AMP Genes Expression Are Regulated by miR-217

All the preceding results described implied that five AMP genes are the downstream effector genes regulated by Tube. Therefore, the pathway mediated by host miR-217 was further explored. The results indicated that the expression levels of ALF1 (Figure 6A), ALF2 (Figure 6B), ALF3 (Figure 6C), Crus1 (Figure 6D), and Crus2 (Figure 6E) are significantly downregulated when miR-217 is overexpressed in crab. By contrast, the control miRNA injection had no effect on the transcription of these AMP genes. The knockdown of miR-217 by AMO-miR-217 led to a significant increase in the expression levels of ALF1 (Figure 7A), ALF2 (Figure 7B), ALF3 (Figure 7C), Crus1 (Figure 7D), and Crus2 (Figure 7E) at 24 h to 48 h post-infection compared with those of WSSV only. By contrast, the control AMO-miR-217-scrambled had no effect on the transcriptions of AMPs, thereby suggesting that the host miR-217, ALF1, ALF2, ALF3, Crus1, and Crus2 shared the same pathway.

FIGURE 6
www.frontiersin.org

Figure 6. Effects of miR-217 overexpression on the transcriptions of five AMPs in vivo. MiR-217-mimic or control miRNA was injected into WSSV-infected crab. As a control, WSSV only was included in the injections. At 24, 36, and 48 h after injection, the mRNA levels of ALF1 (A), ALF2 (B), ALF3 (C), Crus1 (D), or Crus2 (E) were quantified by qRT-PCR. Statistically significant differences between treatments are represented with asterisks (**p < 0.01).

FIGURE 7
www.frontiersin.org

Figure 7. Effects of miR-217 silencing on the transcriptions of five AMPs in vivo. AMO-miR-217 was injected into WSSV-infected crab to knock down the miR-217 expression. AMO-miR-217-scrambled, WSSV only were used as controls. At different time post-infection, the expression of ALF1 (A), ALF2 (B), ALF3 (C), Crus1 (D), or Crus2 (E) were quantified by qRT-PCR. Statistically significant differences between treatments are indicated by asterisks (*p < 0.05; **p < 0.01).

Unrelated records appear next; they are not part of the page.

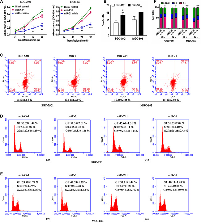 Figure 2: Ectopic expression of miR-31 inhibited tumor cell viability and induced apoptosis and cell-cycle arrest at theG1 phase in SGC-7901 and MGC-803 cells. (A) Cell morphology. Tumor cells were transiently transfected with miRNA negative control ormiR-31 mimic for up to 96 h. (B) Cell viability CCK8 assay. The duplicated cells were then subjected to cell viability CCK8 assay. Data were presented as mean ± sd of three independent experiments. *p < 0.05, **p < 0.01 and ***p < 0.001. (C) Apoptosis assay. 48 h after transfection, tumor cell apoptosis was assessed to determine rate of early apoptosis of SGC-7901 and MGC-803 cells. Data were presented as mean ± sd of three independent experiments of duplicated samples. *p < 0.05 and **p < 0.01. (D, E, F) Flow cytometric cell cycle distribution assay. Additional culture of 12 and 24 h after 48 h transfection, cells were subjected to flow cytometric analysis of cell cycle distribution in SGC-7901 and MGC-803 cells. Experiments were repeated at least three times with similar results and the data are expressed as mean ± sd. *p < 0.05 and **p < 0.01.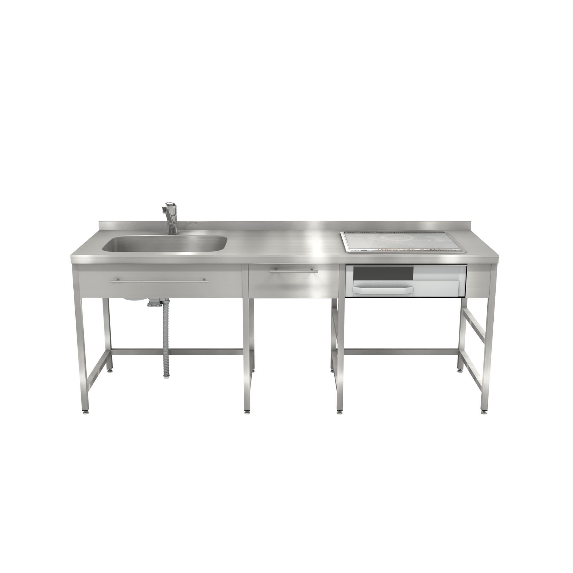その基本形のフレームに、水栓やコンロなどの設備機器や引き出しをそれぞれオプションで自由に付け足していくことが可能。もちろん、引き出しがいらない方は天板とフレーム脚だけで購入もOK。組み合わせ方は、普段自分がキッチンに立っている時を想像しながらじっくり考えてみてください。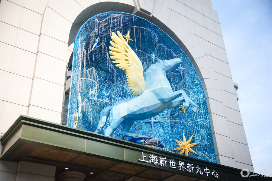 上海新世界新丸中心门头展示的马年生肖主题美陈。
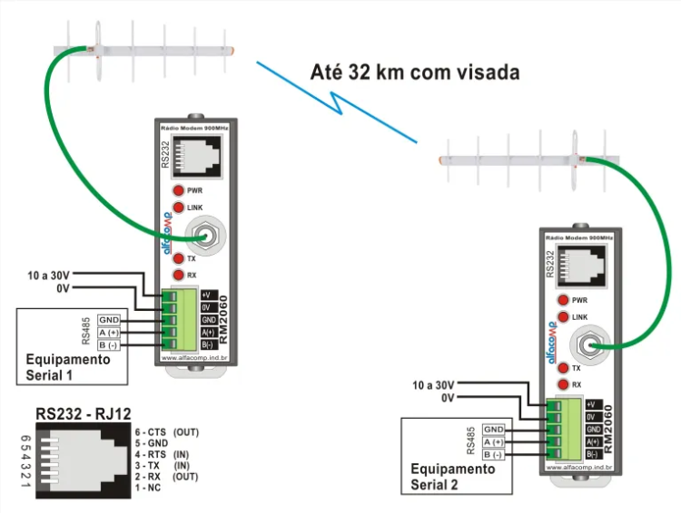 O transceptor RM2060 permite a comunicação wireless utilizando tecnologia Spread Spectrum na faixa dos 900 MHz podendo substituir milhares de metros de cabos de comunicação em ambientes industriais ruidosos. Utilizando comprovada tecnologia FHSS, que dispensa licença de operação junto a Anatel, o transceptor RM2060 estabelece comunicação entre computadores, CLPs e instrumentos diversos que possuem porta serial em padrão RS232 ou RS485 com taxas de 1200 a 115.200 bps. Alcance de até 32 km com visada.

Expression of ALF1, ALF2, ALF3, Crus1, and Crus2 during Virus Infection in Crab

The genes of ALF1, ALF2, ALF3, Crus1, and Crus2 were characterized and their expression patterns were performed in crabs to evaluate their roles in viral infection. As shown in Figures 8A–E, the mRNAs of ALF1, ALF2, ALF3, Crus1, and Crus2 were upregulated post-WSSV infection at several time points. By contrast, the transcripts of the five AMP genes did not obviously change after PBS challenge. The data demonstrated that the five AMP genes might be involved in anti-viral innate immune defense. These findings together revealed that host miRNA (miR-217) inhibited the Toll signaling pathway by targeting the host Tube gene, resulting in the enhancement of virus replication in crabs (Figure 8F).

FIGURE 8
www.frontiersin.org

Figure 8. Expression of ALF1, ALF2, ALF3, Crus1, and Crus2 during virus infection in crab. qRT-PCR method was used to analysis the expression of ALF1 (A), ALF2 (B), ALF3 (C), Crus1 (D), and Crus2 (E) in the hemocytes of E. sinensis at 0, 12, 24, 36, 48, 60, and 72 h after WSSV challenge. The mRNA levels of these five AMPs were analyzed and standardized according to GAPDH mRNA levels. Asterisks indicate significant differences (*p < 0.05; **p < 0.01; ***p < 0.001) compared with values of the control. Error bars represent ± S.D. of the three independent PCR amplifications and quantifications. (F) Model for the role of host miR-217 in virus-host interaction.

Discussion

Although Toll signaling pathway has been implicated in the processes of virus infection, its function in host–virus interaction remains to be unfamiliar. MiRNAs are post-transcriptional regulatory molecules that could regulate gene expression and participate in numerous key biological processes by inhibiting mRNA translation or promoting mRNA decomposition (Meister and Tuschl, 2004; Bagga et al., 2005). Tumor-secreted miRNAs (miR-21 and miR-29a) can function as ligands, binding to the receptors of the Toll-like receptor (TLR) family, namely, murine TLR7 and human TLR8 (Fabbri et al., 2012). Human miR-9 was rapidly increased after TLR4-activation, which operated a feedback control of the NF-κB-dependent responses by fine-tuning the expression of a key member of the NF-κB family (Bazzoni et al., 2009). MiR-105 was reported as a modulator of TLR2 translation in human gingival keratinocytes (Benakanakere et al., 2009). MiR-146 could control TLR and cytokine signaling through a negative feedback regulation loop involving the downregulation of IL-1 receptor-associated kinase 1 and TNF receptor-associated factor 6 protein levels (Taganov et al., 2006). However, miRNAs of crustaceans that mediate the regulation of key components of the host Toll pathway are still not well studied.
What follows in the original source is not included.